_PROBLEM TO WORK ON:_
An exact copy of the lines, starting at the top of the listing and ending with the line that has "Η ίδια επικοινώνησε", is the required answer. Pictures are not part of it.

_COLLECTED DATA:_

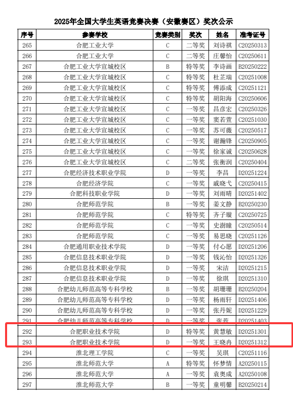 5月10日,2025年度全国大学生英语竞赛(安徽赛区)决赛顺利落下帷幕。经过前期的全国大学生英语竞赛初赛(校赛)的筛选,AC米兰官网共有两名选手代表学校参加了决赛。基础教育学院选派两位英语老师担任指导教师,其中尹悦老师指导的黄慧敏同学(经贸旅游学院)在本次省赛决赛中荣获“特等奖”,杨凌老师指导的王晓冉同学(医学院)获得“一等奖”。这是AC米兰官网自参加此赛项以来,继2021年和2024年后第三次获得最高奖项——特等奖,后期黄慧敏同学有望代表安徽省参加国赛。
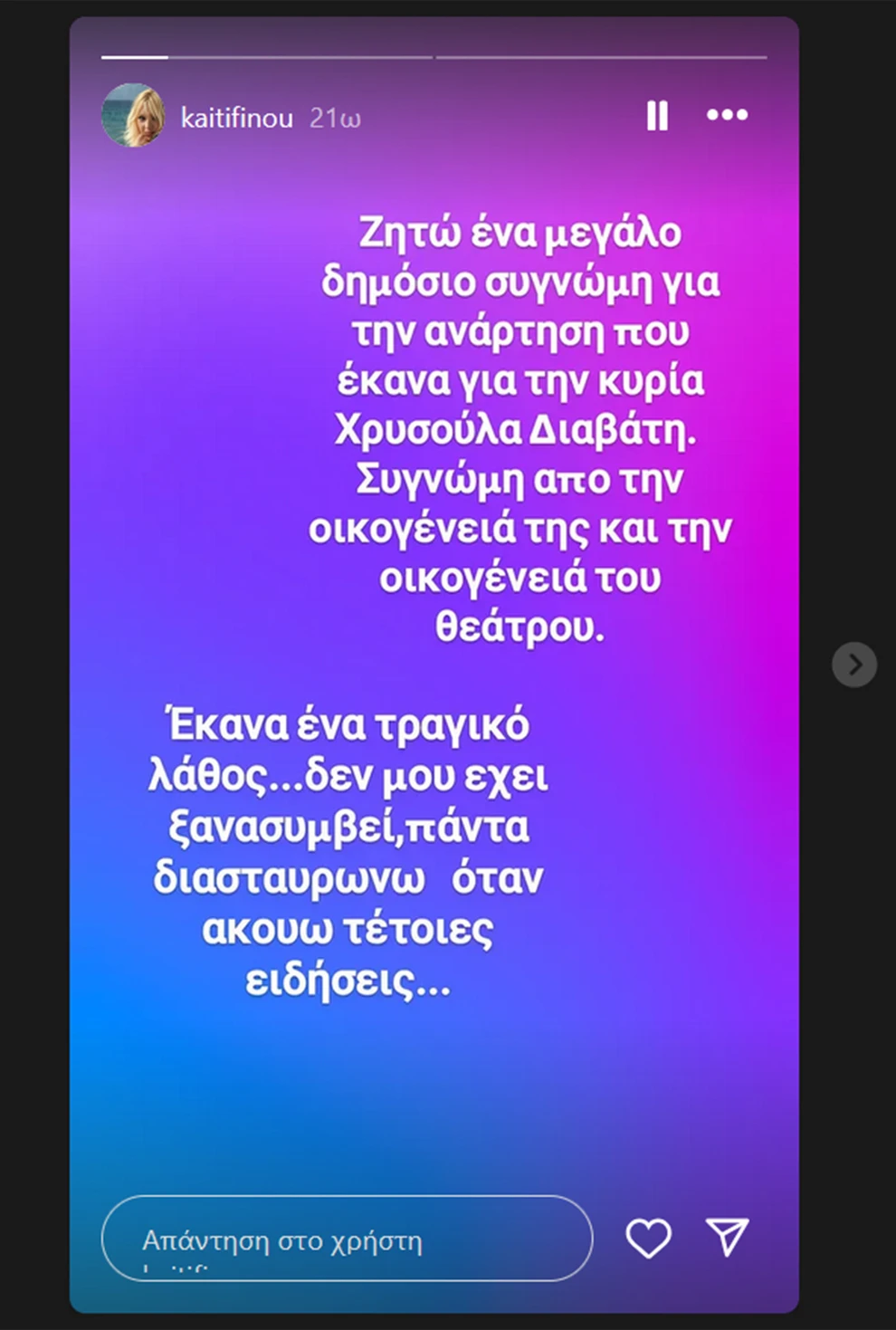 Η ίδια επικοινώνησε τηλεφωνικά με την εκπομπή «Το Πρωινό», εξηγώντας ότι μπέρδεψε φωτογραφία της Άννας Κυριακού με εκείνη της Χρυσούλας Διαβάτη, καθώς η είδηση του θανάτου της πρώτης κυκλοφόρησε την ίδια ημέρα.
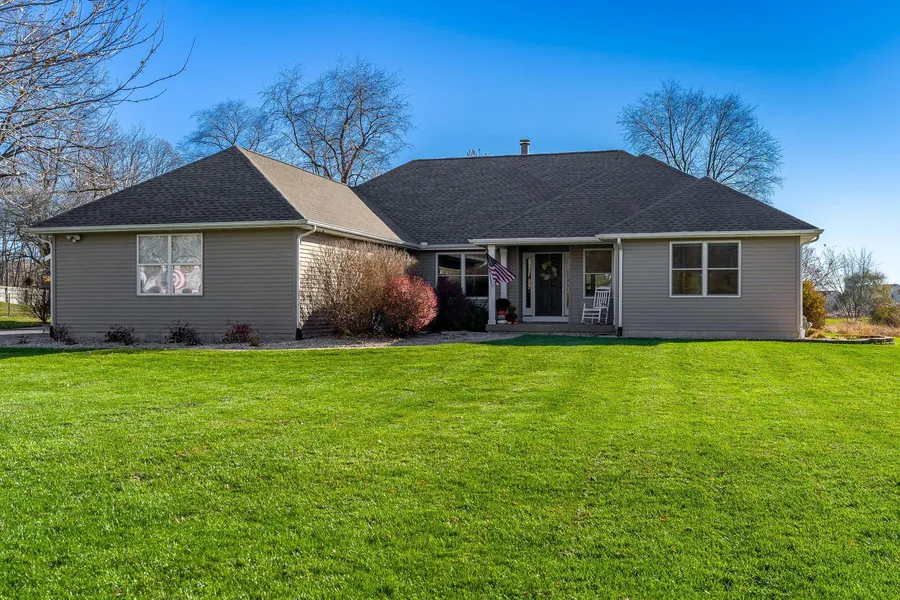 Custom built ranch on over an acre that is over 2,100 square feet with four bedrooms and 2 full baths on the main floor! Outside is quite the retreat you want to take in with a large patio space, pergola with fireplace, and woodburning fire pit overlooking your vast backyard! Inside is light & bright and features a contemporary floor plan. The great room, dining room, and kitchen open up to each other. The kitchen is stunning with custom cherry cabinetry, granite countertops, and stainless steel appliances! The primary suite is very spacious with a large en suite bathroom complete with whirlpool tub, double vanity, and custom tile work! The primary suite does come with a private three season porch that you can enjoy throughout the year! There are three additional bedrooms with a hall bath that has a custom wall tile tub surround. The first floor also features a true laundry room with ple...
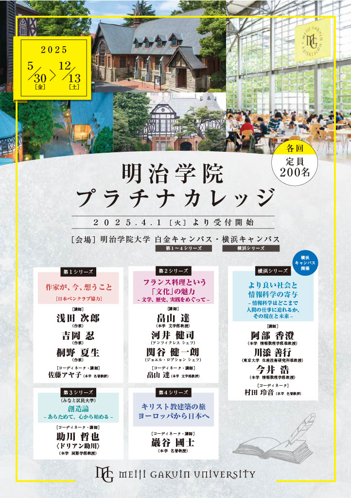 本学社会連携課企画による生涯学習講座「明治学院プラチナカレッジ」にてフランス料理についての講座が開催されます!

_FINISHED TASK:_
 5月10日,2025年度全国大学生英语竞赛(安徽赛区)决赛顺利落下帷幕。经过前期的全国大学生英语竞赛初赛(校赛)的筛选,AC米兰官网共有两名选手代表学校参加了决赛。基础教育学院选派两位英语老师担任指导教师,其中尹悦老师指导的黄慧敏同学(经贸旅游学院)在本次省赛决赛中荣获“特等奖”,杨凌老师指导的王晓冉同学(医学院)获得“一等奖”。这是AC米兰官网自参加此赛项以来,继2021年和2024年后第三次获得最高奖项——特等奖,后期黄慧敏同学有望代表安徽省参加国赛。
 Η ίδια επικοινώνησε τηλεφωνικά με την εκπομπή «Το Πρωινό», εξηγώντας ότι μπέρδεψε φωτογραφία της Άννας Κυριακού με εκείνη της Χρυσούλας Διαβάτη, καθώς η είδηση του θανάτου της πρώτης κυκλοφόρησε την ίδια ημέρα.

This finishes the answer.